Can I send about 10,000 ~ 20,000 bytes data over TCP? I am transferring an image (60 by 60) from Android client to linux server. On android it seems ok. On server side, if I try to send the picture data back to client, then it doesn't work. On client side, if I parse then I got some weird number that I shouldn't get.

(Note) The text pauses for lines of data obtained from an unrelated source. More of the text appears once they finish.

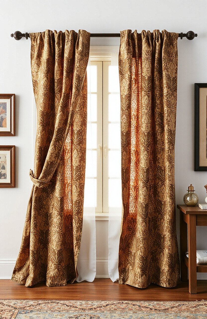 .. Achieve a cozy cabin feel with Batik drapes in earthy tones. They bring warmth and texture to your space.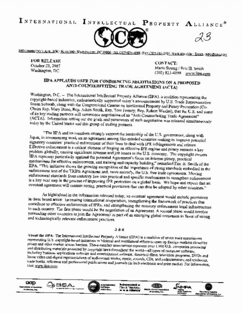 Document | October 23, 2007 IIPA Press Release applauding launch of ACTA negotiations Read more about IIPA Press Release applauding launch of ACTA negotiations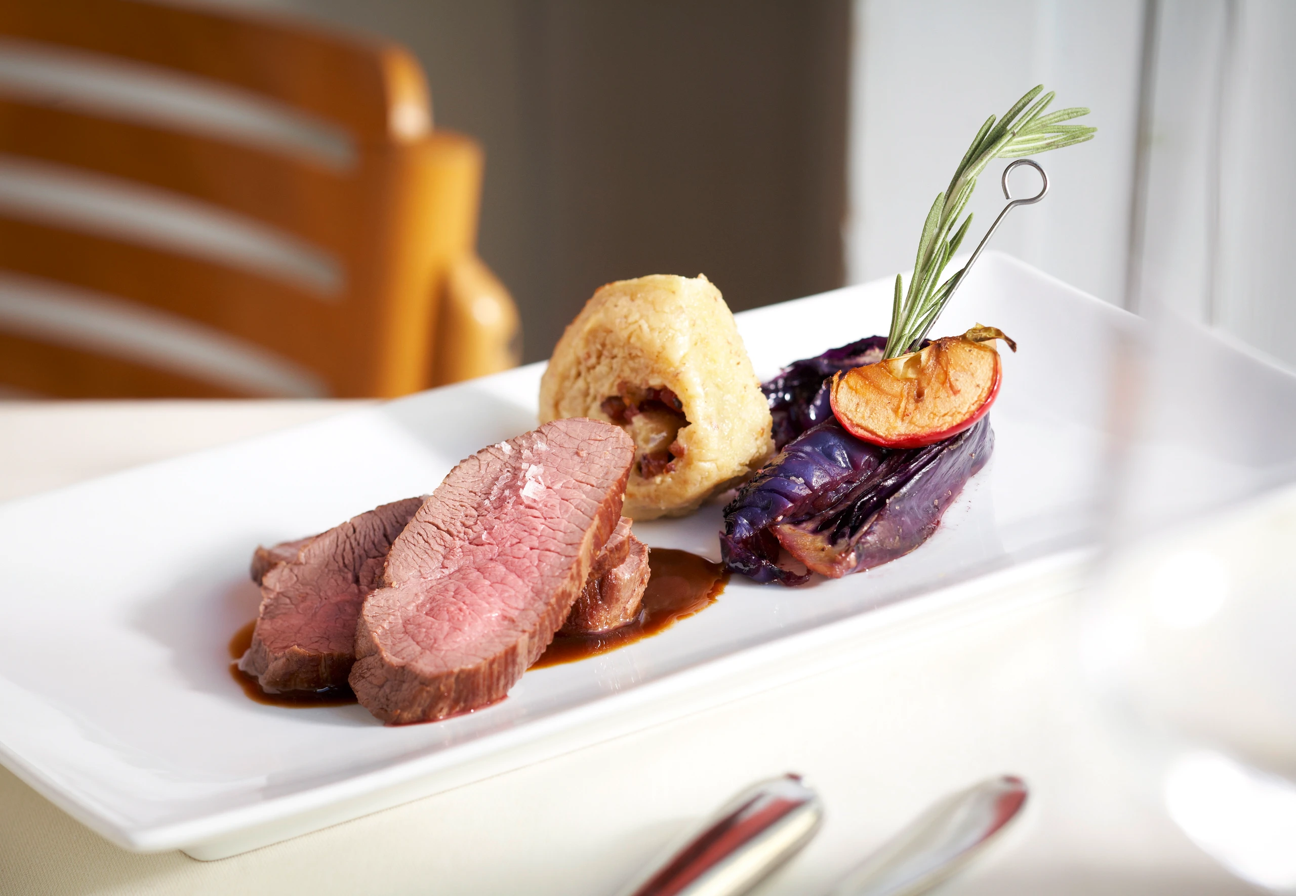 - Fleisch herausnehmen und warm stellen. Bratrückstand mit Bratensaft aufgießen und aufkochen. Fleisch portionieren, mit Saft, Buchteln und Kraut anrichten.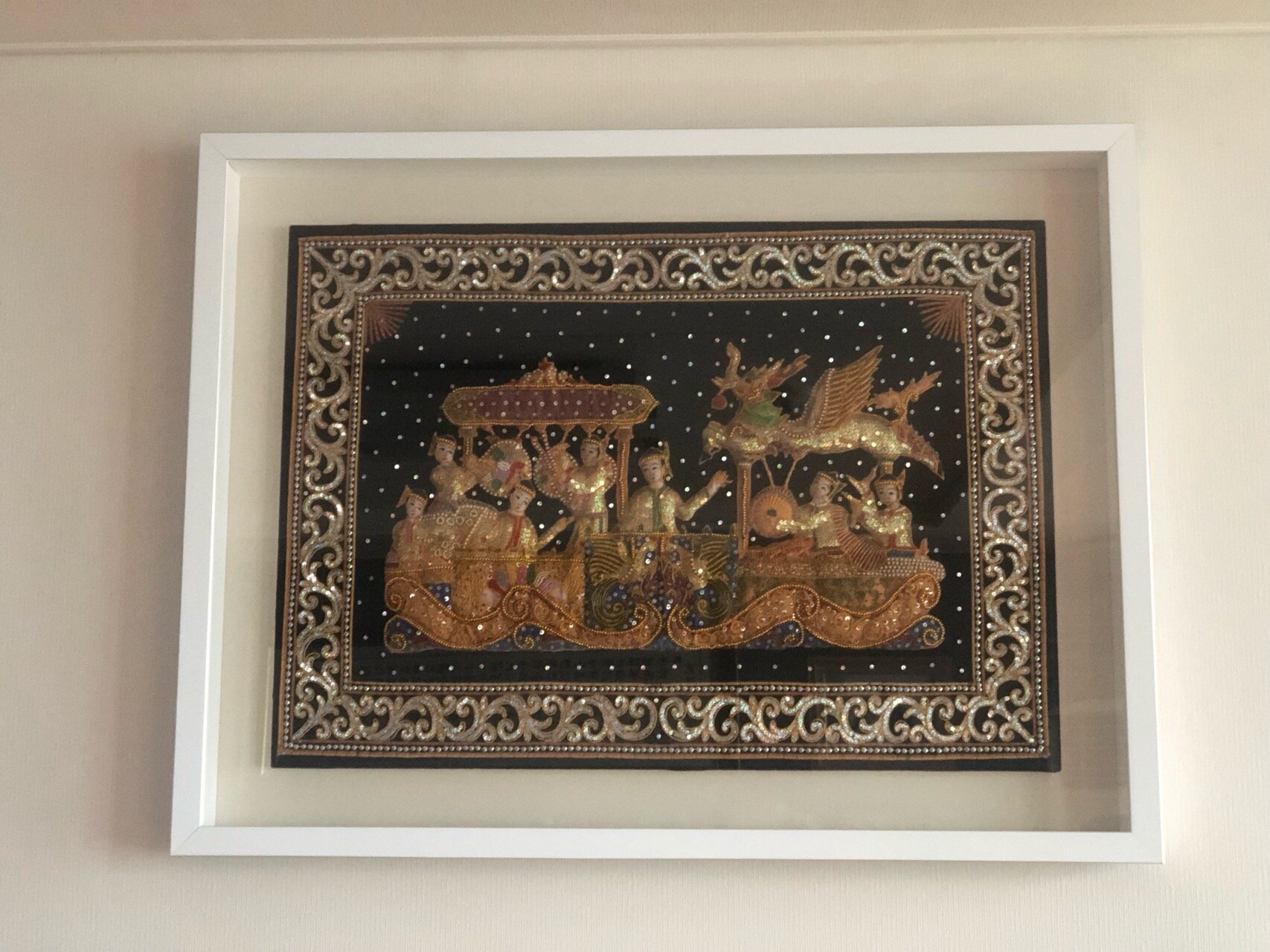 액자가 작품을 한껏 돋보이게 한다. 지난 겨울 미얀마 선생님들이 준 환갑 기념 선물을 반 년만에 표구해서 벽에 걸었다.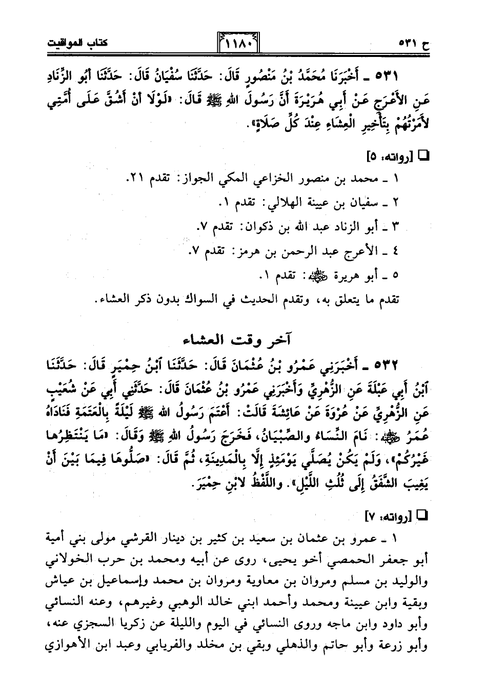 531 - أَخْبَرَنَا مُحَمَّدُ بْنُ مَنْصُورٍ قَالَ: حَدَّثَنَا سُفْيَانُ قَالَ: حَدَّثَنَا أَبُو الزِّنَادِ عَنِ الأَعْرَجِ عَنْ أَبِي هُرَيْرَةَ أَنَّ رَسُولَ اللَّهِ - صلى الله عليه وسلم - قَالَ: "لَوْلَا أَنْ أَشُقَّ عَلَى أُمَّتِي لأَمَرْتُهُمْ بِتَأْخِيرِ الْعِشَاءِ وَبِالسِّوَاكِ عِنْدَ كُلِّ صَلَاةٍ".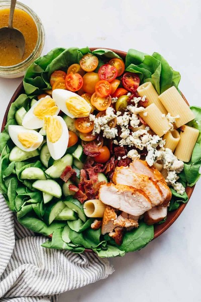 Con tocino, queso azul, huevos y pollo, esta ensalada puede ser bastante pesada, por lo que combinarla con una vinagreta ligera funciona muy bien aquí.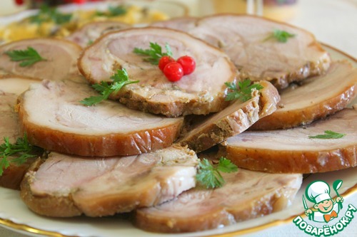 У меня была не очень подходящая рулька - толстенькая, но в длину маленькая - совсем не удобная для рулета, но когда нас останавливали трудности))) -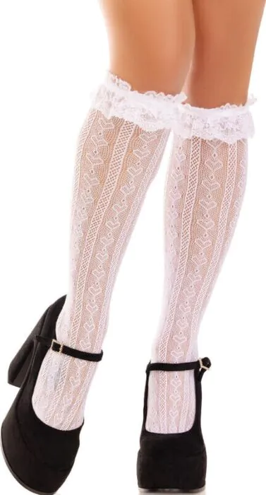 | Style | Knee-high with lace ruffle cuff and heart detail |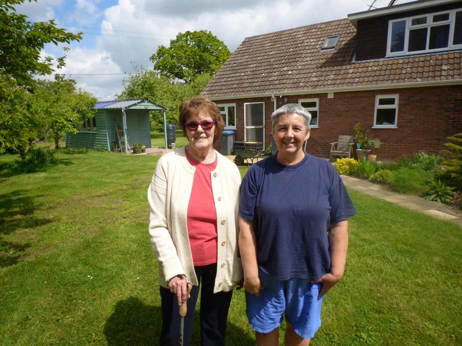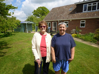 Last week I had a visit from a lovely blogger, well known to many of you out there because she writes so fluently about her life on a Yorkshire farm. Yes, Pat AKA The Weaver of Grass came around with The Farmer for a cuppa while they were on holiday in Aldeburgh. Here we are after a look round the garden, I'm complaining loudly that I'm in baggy shorts and tee-shirt so not dressed for photos, but as John at Going Gently would say"Hey Ho!"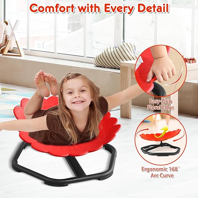 Flower Swivel Chair for Kids, 360° Spinning Seat, Autism Sensory Spin Chair, Toddler Sit and Spin Wobble Seat, ADHD Toy Chairs, Play Equipment Relief Motion Sickness for Boys Girls (Red)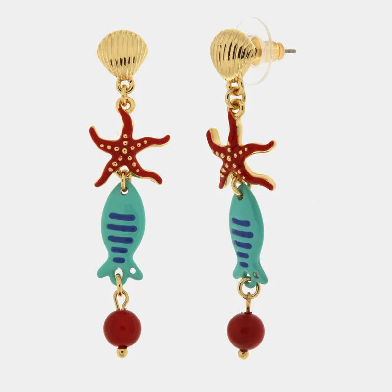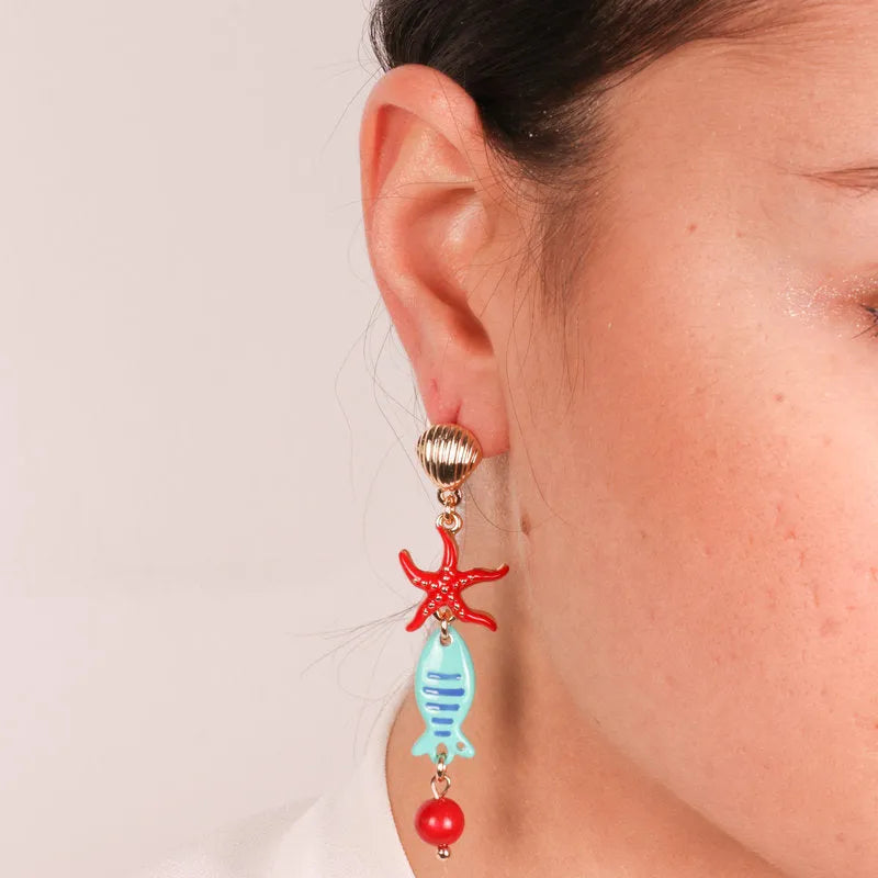Orecchini in Metallo con conchiglia al lobo e stella marina e pesciolino pendenti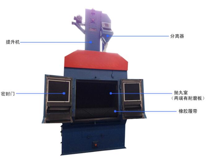 履帶式拋丸機一種鑄件、鍛件及圓簧、軸承的表面清理強化的新型清理設(shè)備。它能清理工件的重量,尺寸,體積,生產(chǎn)效率,可進行人工,機械或自動加料。工件在拋丸室里進行翻滾,拋丸室由環(huán)形的槽型皮帶以及兩頭由高耐磨材料制成的封頭組成,輸送皮帶上裝有導(dǎo)向條,從而保證了工件所有表面都暴露在外且翻轉(zhuǎn)時不會發(fā)生過度碰撞。工人在操作履帶式拋丸清理機時應(yīng)嚴格遵循實用程序: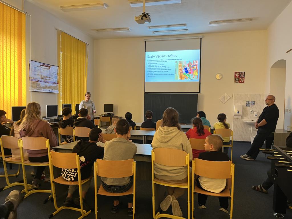 V pátek 26. září jsme si na naší škole připomněli význam nadcházejícího státního svátku – Svátku svatého Václava a Dne české státnosti. V prezentaci se žáci dozvěděli o životě, způsobu vlády a smrti svatého Václava. Vysvětlili jsme si pojem česká státnost a význam tohoto slova v dnešní době. Pak nám bohužel počasí nepřálo a místo plánované procházky s plněním úkolů jsme si museli vystačit se školními chodbami. Přesto se cíl - vyplnění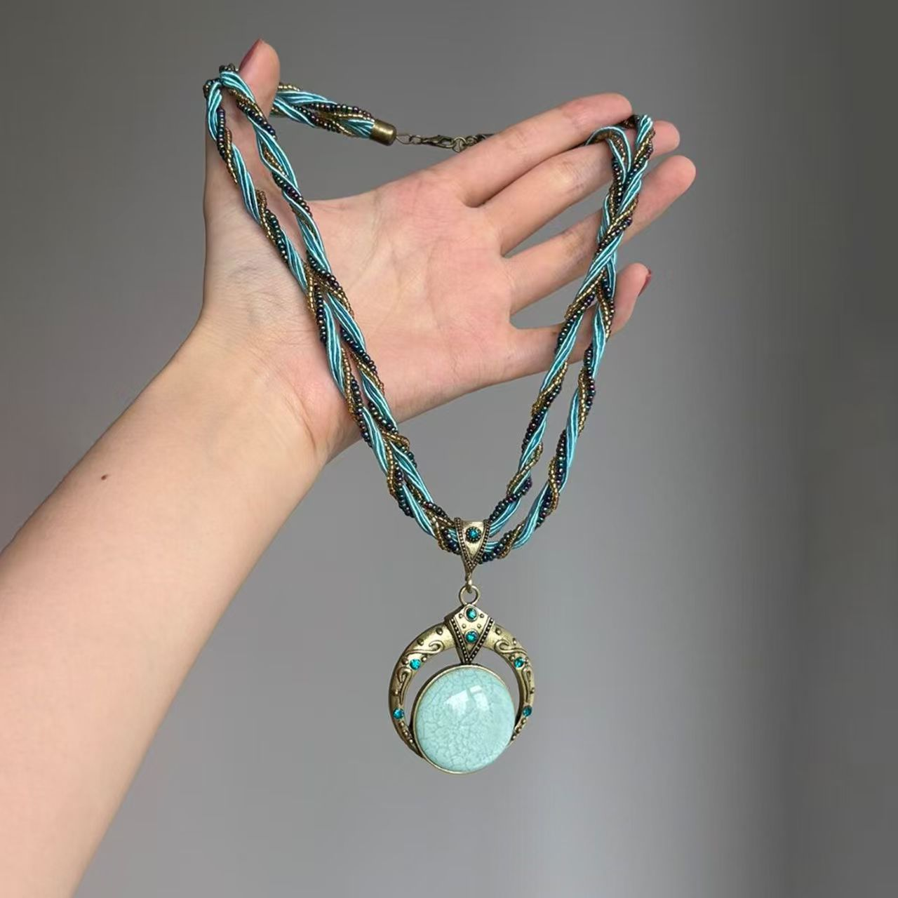 【寻光】波西米亚中古蓝色麻花米珠项链女小众民族风古铜镜锁骨链

Is there any technical problem of transferring a big data over TCP? How do I fix this?
Thanks in advance..
char* PictureResponsePacket::toByte(){
/*
* HEADER
*
* Magic number (4)
* Data length (4)
* Packet Id (2)
* Packet type (2)
* Device Id (48)
*
*/
/*
* BODY
*
* Nickname (48)
* deviceId (4)
* m_pictureSize
*/
int offset = 0;
int headerLength = sizeof(int) + sizeof(int) + sizeof(short) + sizeof(short) + 48;
int bodyLength = 48 + 4 + m_pictureSize;
int dataLength = headerLength + bodyLength;
m_dataLength = dataLength;
log("PictureResponsePacket::toByte(), data length %d \n", m_dataLength);
char *sendBuffer = new char[dataLength];
memset(sendBuffer, 0x00, dataLength);
char *ptr = sendBuffer;
/*
* -------------
* HEADER
* -------------
*/
/*
* Magic number
*/
memcpy(ptr + offset, m_magicNumberBuffer, sizeof(int));
offset += sizeof(int);
/*
* Data length
*/
memcpy(ptr + offset, &m_dataLength, sizeof(int));
offset += sizeof(int);
/*
* Packet id
*/
memcpy(ptr + offset, &m_packetId, sizeof(short));
offset += sizeof(short);
/*
* Packet type
*/
memcpy(ptr + offset, &m_packetType, sizeof(short));
offset += sizeof(short);
/*
*Device Id
*/
memcpy(ptr + offset, m_deviceId.c_str(), m_deviceId.size());
offset += 48;
/*
* -------------
* BODY
* -------------
*/
memcpy(ptr + offset, m_senderDeviceId.c_str(), m_senderDeviceId.size());
offset += 48;
memcpy(ptr + offset, &m_pictureSize, sizeof(int));
offset += sizeof(int);
memcpy(ptr + offset, m_pictureData, m_pictureSize);
offset += m_pictureSize;
return sendBuffer;
}
I am getting char* this way and sending it like this
char * sBuffer = reponsePacket->toByte();
int remainLength = reponsePacket->getDataLength();
int currentSentLength = 0;
SocketClient *client = work->getClient();
while(remainLength > 0){
if(remainLength >= MAX_LENGTH)
currentSentLength = send(client->getFd(), sBuffer, MAX_LENGTH, MSG_NOSIGNAL);
else
currentSentLength = send(client->getFd(), sBuffer, remainLength, MSG_NOSIGNAL);
if(currentSentLength == -1){
log("WorkHandler::workLoop, connection has been lost \n");
break;
}
sBuffer += currentSentLength;
remainLength -= currentSentLength;
What you are trying to do is easy (20K is not "big"). By far the most common reason something like this happens, is disregarding the return codes of send and recv. You should keep a few things in mind:
send(2) can't always copy all the data from user space to kernel space. Check the returned value
The data doesn't arrive all at the same time, so you will have to recv a few times before getting all of it
In practice, on many systems you might get away with sending large amounts of data (the kernel will laugh at your 20K) but you will have to receive in a loop. Here is a function heavily inspired by Stevens readn. Use it instead of recv
ssize_t
readn(int fd, void *vptr, size_t n)
{
size_t nleft;
ssize_t nread;
char *ptr;
ptr = vptr;
nleft = n;
while (nleft > 0) {
if ((nread = read(fd, ptr, nleft)) < 0) {
if (errno == EINTR)
/* Loop back and call read again. */
nread = 0;
else
/* Some other error; can't handle. */
return -1;
} else if (nread == 0)
/* EOF. */
break;
nleft -= nread;
ptr += nread;
}
return n - nleft;
}
EDIT
You seem to be forgetting about endianness (as Andrew Finnell suspected). For every integer, you should do something like this before sending (before memcpy):
m_dataLength = htonl(m_datalength);
And this when receiving:
m_dataLength = ntohl(m_datalength);
Are you saying you can successfully send and read the image if you sent it from Android to your Linux machine? If not then it sounds like it could be an Endian issue, if your Linux Server process was not written in Java.
Update
Since cnicutar has a great answer I'd like to offer an alternative to having to do your protocol manually.
Google Protocol Buffer
When using it, it will automatically convert from host to network and back. It also can be used to create C++ and Java bindings.
I think strace may help here both on client and server side. Look for network errors and the amount of sent/received data in strace log.